Bias in research can be defined as any “condition that produce(s) results which depart from the true values (in a study) in a consistent direction” (Riegelman RK, Studying a Study and Testing a Test, 4th ed: Lippincott Williams & Wilkins, Philadelphia;2000). Bias is also referred to as “systematic error.”
It’s important to understand what bias is not. Bias is not fraud, as it does not involve intentional prejudice. Bias is also not random error, which creates deviation in results strictly by chance, and can be mitigated with a large enough study sample.
Put simply, bias has to do with the unintentional skewing of results due to human failings such as poor trial design or unconscious wishes for desirable outcomes.

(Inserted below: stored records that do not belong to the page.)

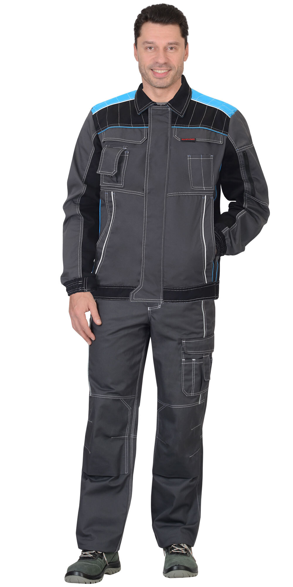 Брюки прямые, на притачном поясе, с застёжкой спереди на молния, с боковыми внутренними карманами, с часовым карманом; на задних половинках с отрезной кокеткой, двумя накладными карманами и карманами под инструменты. В брюках предусмотрен СВ кант для обозначения сигнальной видимости.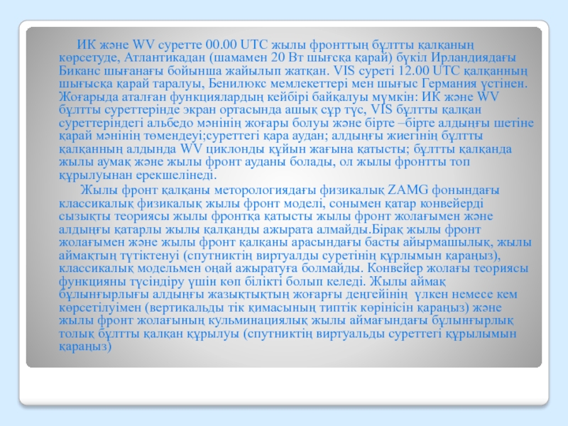 Слайд 7 Жылы фронттың бұлт жолағы инфрақызыл және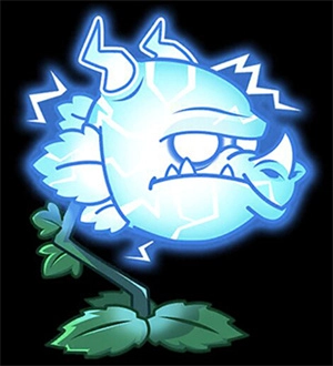 橙卡,吐出雷电球,释放电流,对前方的僵户造成范围伤害,伤害中等,范围多条道路,冷却时间短。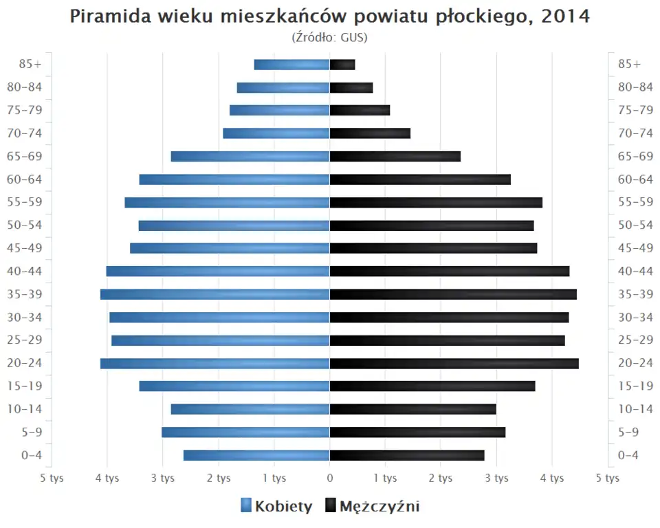 - Piramida wieku mieszkańców powiatu płockiego w 2014 roku[4].

Bias can occur anywhere in the process from initial concept to publication. For convenience, we will examine four stages in the research process—study design, study implementation, data analysis, and post study/publication—and the biases inherent in these stages (although there is a certain amount of overlap).
Biases in Study Design
To avoid bias, any study needs to be fully and clearly conceptualized from the outset.
Conditions and subjects need to be well defined to avoid definitionbias. Examples of definition bias are ambiguity about what constitutes severe versus moderate anxiety, or what score on a symptom rating scale qualifies a subject for a trial.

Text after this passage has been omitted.